In this month’s issue, we report on the latest evolution of a company that has become synonymous with the amusement machine industry, H. Betti Industries, on the event of the company’s 80th anniversary. We have published multiple anniversaries of the Betti dynasty through the years, and in preparing to write this year’s update, I had the pleasure of working my way through several of those histories. The experience proved to be enlightening.

Betson is a dominant player in the amusement market, no doubt. What’s interesting to note is how the company got there, and how it has remained on top through successive decades. Founder Humbert Betti got his start in the food service industry, selling ice cream in the United Kingdom and then later opened a restaurant and bar in Manhattan. But he spotted a growth trend when he placed his first jukebox, following that opportunity by building out an impressive route of more than 7,000 pieces in New York and New Jersey.

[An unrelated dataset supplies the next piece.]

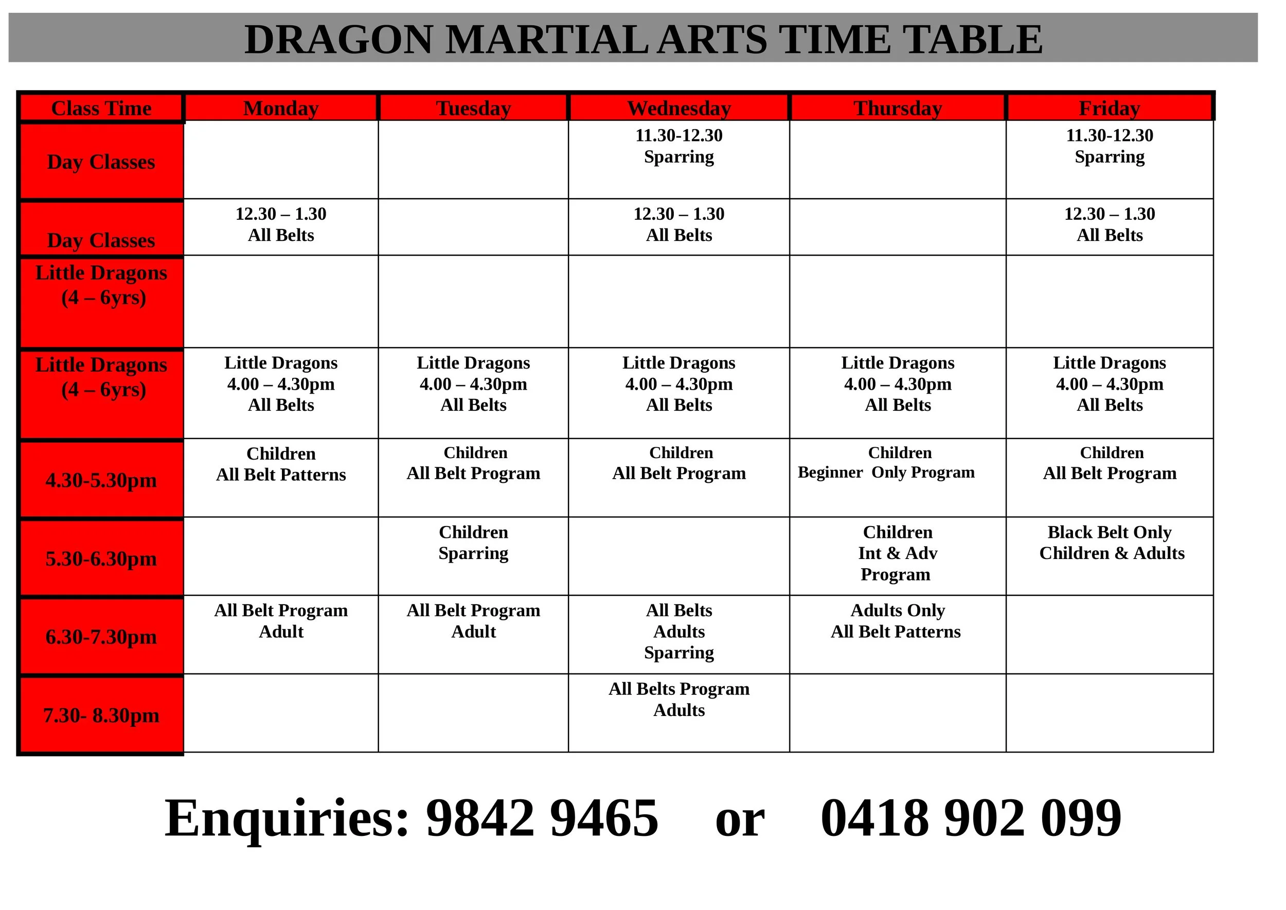 Dragon Timetable 2025

The patriarch ultimately retired to Italy, leaving the company under the leadership of his son Bert Betti. But Humbert Betti promptly started exporting slate for pool tables back to the U.S., sowing the seed that was to become the sizeable supply house Imperial International. When the time was right, the company jumped into game distribution, starting with pool tables and growing from there. By the time the new “Betson” hit its stride as a distributor in the late 1970s, the amusement game boom was underway.

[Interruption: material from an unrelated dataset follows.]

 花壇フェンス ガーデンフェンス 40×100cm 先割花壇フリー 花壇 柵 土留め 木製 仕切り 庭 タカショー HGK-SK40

In later years, they teamed up with suppliers to offer proprietary product including Elaut cranes and more recently video games from Raw Thrills and Play Mechanix. In the last half decade, the company has embraced the rise of the FEC, developing expertise in providing games and other services to the burgeoning family fun center industry.

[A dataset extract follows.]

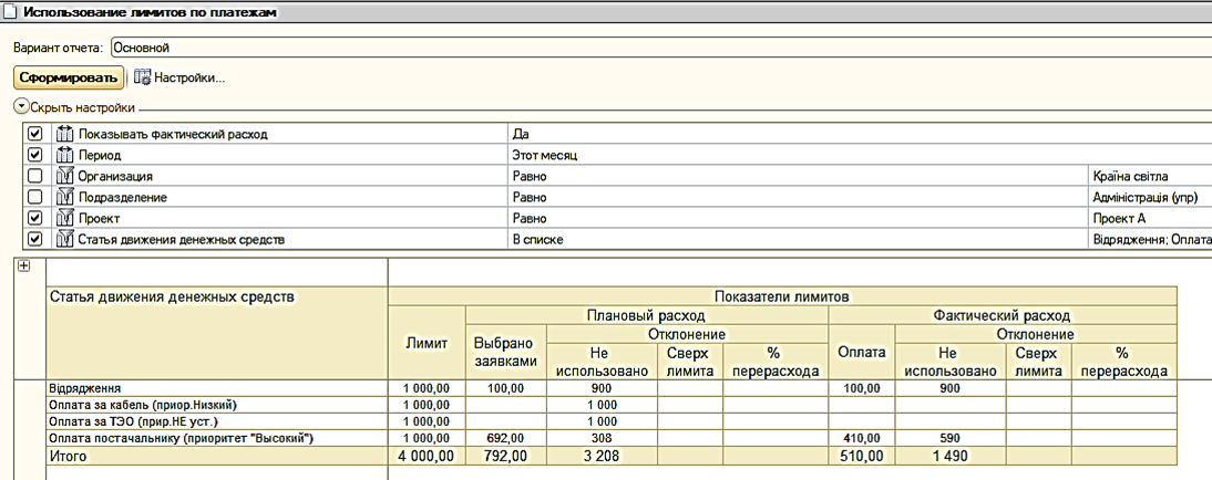 Отчет «Использование лимитов по платежам»

“The business began to morph around 2006, and the FEC really boomed after the big bust, the Financial Crisis of 2008, because a lot of real estate became affordable and the owners of the buildings, many of them former big box stores, were looking for ways to exploit or capitalize on their property,” explained today’s H. Betti Chairman Peter Betti. “The coin-operated experience is viewed as being part of a broader entertainment experience. You can’t have a freestanding arcade these days. The revenues don’t really justify it.”

The flexibility required to make these necessary adjustments is one of the keys to the firm’s success over eight decades. Landscapes change, trends come and go and the fundamentals of a marketplace inevitably shift over time. Success in one era, using one particular mode of doing business, is no guarantee of ongoing success as things change over time. In fact, success in one era can hinder the ability of a business to change and adapt. It can be hard for one that did well in the past to abandon that successful formula in the future.

That’s all the more reason to sing the praises of H. Betti Industries, which despite its substantial size and past successes, has remained nimble enough to respond quickly to a changed world. So we tip our hat in salute. Happy anniversary.